I can scarcely imagine anything better. Maybe that’s why they are illegal.
But no, that’s not why.
***
We would all be pigging out on Big O’s today if not for the anti-communist hysteria that gripped this country during the early 1950s. An agronomist with the Soviet Academy of Sciences, Prolisady spent much of that time researching new plant varieties in equatorial Africa. Recalled to the Soviet Union, Prolisady instead hid aboard a freighter bound from Algiers to Jacksonville and, upon his arrival, was granted asylum.

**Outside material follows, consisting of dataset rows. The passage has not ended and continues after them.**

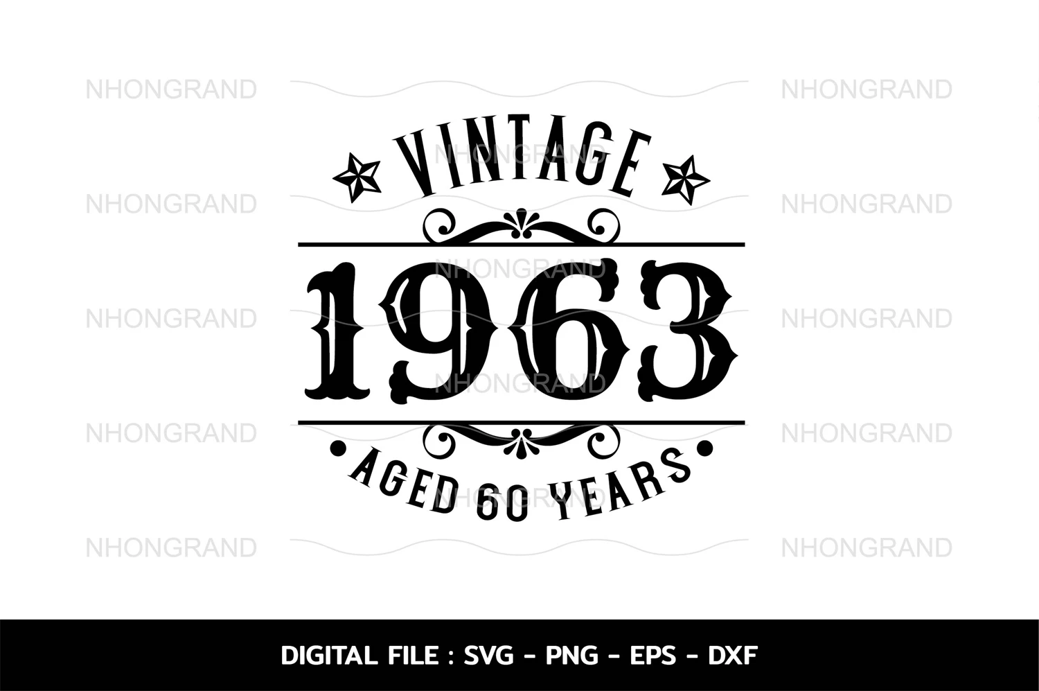 Birthday Vintage 1963 Svg, Aged 60years, Birthday premium quality, t-shirt, Cricut Files, svg, png, eps, dxf, Instant Download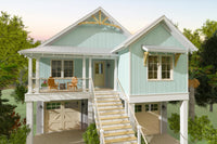 This 1,800 sq ft beach cottage combines coastal charm with modern functionality. The design features a pier foundation, 2x6 wall framing, and truss roof framing with a 10:12 pitch, ensuring durability and efficiency. The home offers three bedrooms, two bathrooms, and a spacious open living area perfect for relaxed coastal living.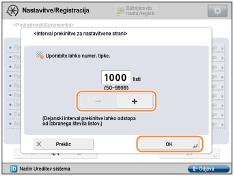 Samodejno prilagajanje ne bo izvedeno za opravila, ki jih sprožite tako, da prekinete opravilo, ki že poteka. Taka opravila se ne morejo začeti v časovnih intervalih prekinitev, ki jih nastavite. Upoštevajte, da je nastavitev intervala zgolj ocena. Funkcija za popravke prekinitev zmanjša nihanja pri opravilih z velikim številom listov. Če želite dati prednost natančnosti s prilagajanjem intervalov prekinitve, povečajte pogostost prekinitev. Vendar pa bo za to potrebno več strani za prilagajanje in bo storilnost zato manjša. Prilagajanje morda ne bo enako učinkovito za opravila, pri katerih se hkrati uporablja več vrst papirja. Ko začnete opravilo s samodejnim prilagajanjem barv, se pred izbranim intervalom prekinitev natisne standardna testna stran, da se lahko izvede postopek prilagajanja. |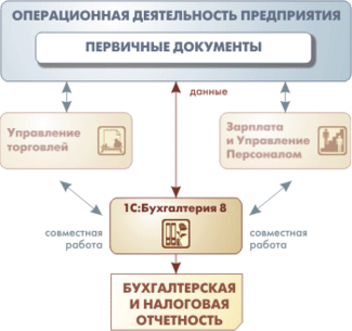 "1С: Бухгалтерия 8.0" обеспечивает решение всех задач, стоящих перед бухгалтерской службой предприятия, если бухгалтерская служба полностью отвечает за учет на предприятии, включая, например, выписку первичных документов, учет продаж и т.д. Кроме того, информацию об отдельных видах деятельности, торговых и производственных операциях, могут вводить сотрудники смежных служб предприятия, не являющиеся бухгалтерами. В последнем случае за бухгалтерской службой остается методическое руководство и контроль за настройками информационной базы, обеспечивающими автоматическое отражение документов в бухгалтерском и налоговом учете.

He made his way to Lake County in order to work closely with watermelon and grape researchers at the University of Florida’s Institute of Food and Agricultural Sciences near Leesburg. And, in 1956, before a gathering of farmers, politicians and the press he proudly unveiled a 5-acre field of Big Olaf watermelons.
Sadly, no one was eager to recognize the achievement of the soft-spoken Russian scientist, especially after he admitted that, yes, the Big Olaf seeds had been developed in the Soviet Union using previously unheard-of techniques.
***
“Should Russian Seeds Be Sown In U.S. Soil?” blared a headline in the April 2, 1956 edition of The Orlando Sentinel-Star.
A subsequent editorial speculated that the melons might actually be a trick, “some new form of Russky agricultural warfare that, once planted, could suck the water from our aquifer and ruin our region’s vital citrus industry.”
The Legislature responded almost immediately, passing Florida Statute 401.25, which prohibits “the planting of any fruit, vegetable, grain or nut which is known to have been developed in the Soviet Union.” Similar federal legislation followed.
***
Olaf Prolisady, a robust 102-year-old, credits his longevity to a diet of pickled Big Olaf rinds and a daily quart of Big O watermelon wine. He entertains himself by playing games with anagrams and praying for the tide of popular opinion to turn.
Given that our current administration is getting all buddy-buddy with Russia, what better time than now?
So, do what is right. Contact your legislators and congresspeople, urging them to make Big Olaf watermelons legal.
And take advantage of this SPECIAL OFFER!
Olaf has been stockpiling Big O seeds for years and in an effort to gain widespread acceptance of his miracle fruit, he is generously offering free seeds to anyone who asks for them.
Just shoot me a message and I’ll pass it along to Olaf, who will cover the costs of shipping out of the goodness of his heart and in total defiance of the law.
I have already planted my seeds. And I am willing to accept the consequences.
I thought at first this might be an April Fool’s Day joke!
Maybe a loophole exist regarding legality. Seems to me that the seeds were developed in Africa and not the Soviet Union.